After completing coursework for her hectic senior year, statistics major Emilia Janik has an additional responsibility: sorting through multiple data sets to determine what more than 30,000 students at the University of Minnesota Twin Cities care most about on campus.
As the solo research and data coordinator for the Minnesota Student Association, it is Janik’s job to work with student government to create surveys for the student body every semester. Usually, the work is completed by more than one person, but Janik is a one-woman show. The survey results help discover the issues students want to see changed or advocated for at the University.
“I don’t ever really think about it as work,” Janik said as she flipped back and forth between applications on her laptop. “It’s something that I really enjoy doing … ‘What are we doing to make the campus a better environment?’ ‘How do we welcome more students onto our campus?’”

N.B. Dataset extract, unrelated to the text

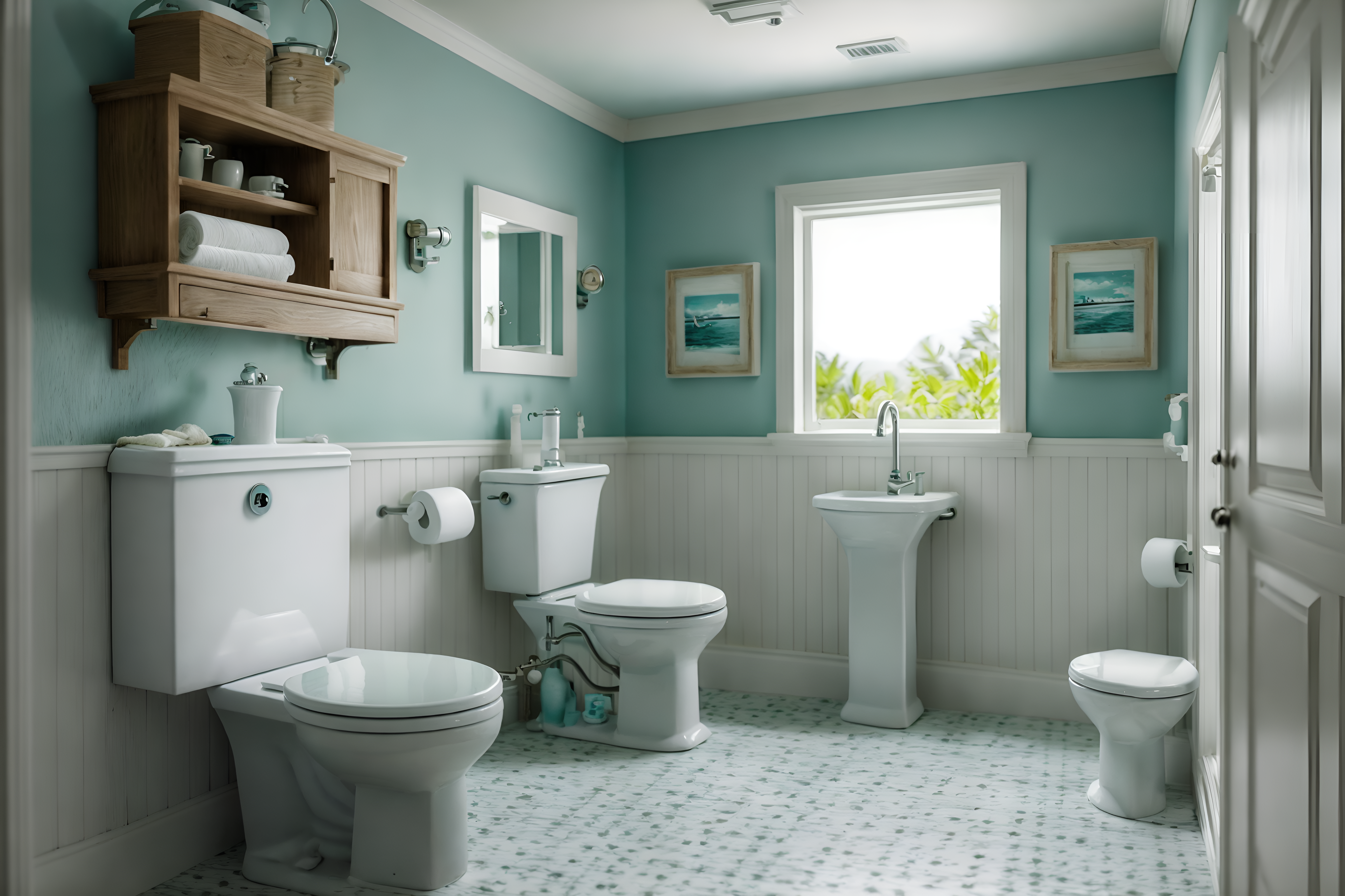 coastal toiletsinterior decorate this toilet with coastal style. . . with toilet paper hanger and toilet with toilet seat up and sink with tap and toilet paper hanger. . with nautical decor and ocean-inspired and beach vibes and relaxed style and sand tones and seaside colors and white decor and airy feel. . .

Janik starts the process by meeting various committees, nailing down what MSA wants to find out from students about advocacy and helping them find the right questions to ask students in order to extract the best data.

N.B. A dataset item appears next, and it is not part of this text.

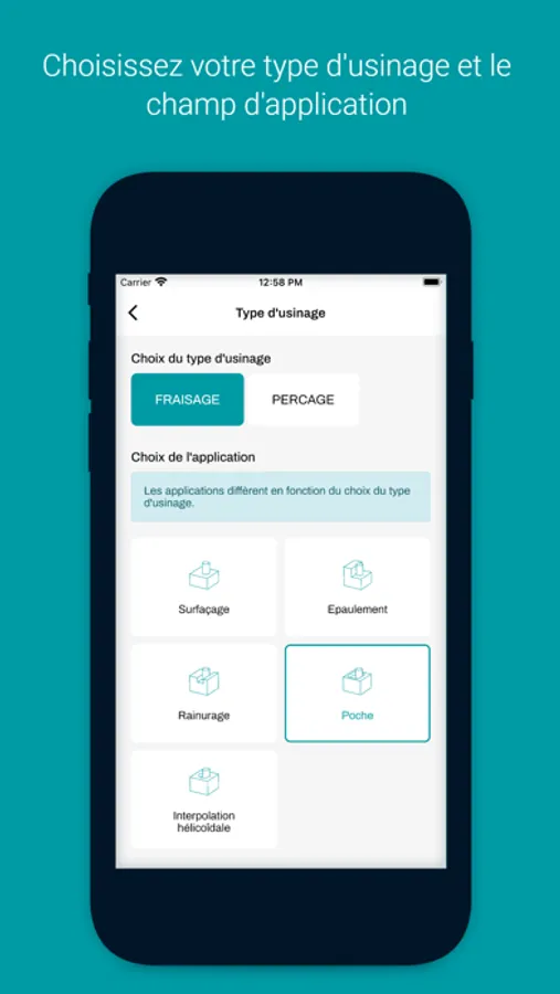 Notre ToolFinder vous permet de trouver le meilleur environnement de production ainsi que les meilleurs paramètres de coupe en fonction de votre sélection.

“[Data-driven advocacy] really allows us to ground our projects in the actual student experience … accurately representing student needs on campus,” MSA Campus Life Committee Chair Levi O’Tool said. “We can show admin … here is the need, and be factual in our claims.”
Janik’s role as research and data coordinator, which she began this school year, means that alongside her busy senior year, she is also parsing through thousands of survey responses.
The latest survey, which MSA says is their best survey yet, received over 3,000 responses on questions about grocery stores, off-campus living, environmental justice issues and freedom of speech, among others. Janik then drafts reports and sends them to MSA’s different advocacy committees.
With Janik’s reports, the committees involved can see what students think about campus climate and concerns and put together initiatives on how best to serve them.
Though new to the role, Janik’s predecessor had nothing but praise for her.
“Because of her statistics and analytical background, she came in with a lot of ideas on how to improve [response] numbers,” said former Research and Data Coordinator Governess Simpson.
One of Janik’s ideas was to have an eye-catching question at the beginning of the survey to intrigue students.
Statistics, Janik said, can be applied to many fields like politics, business and psychology, which is challenging as she tries to explore career options after college.
“I do like that I have that flexibility,” Janik said. “I do like to feel like I’m making an impact.”
Statistics, however, is just one part of the data advocacy equation. It also involves communication skills, Simpson said.
Austin Kraft, MSA representative to the Board of Regents, said Janik is so good at her work because of her ability to tell a story through data.
“The skills that are most important are to frame questions that are unbiased … to phrase questions that are the most relevant and get responses that are factual and honest in terms of the advocacy work that we do,” Janik said.
While Janik said that work like survey creation and data sorting can be done from anywhere, it definitely is not a quick process. But to her, it is worth it.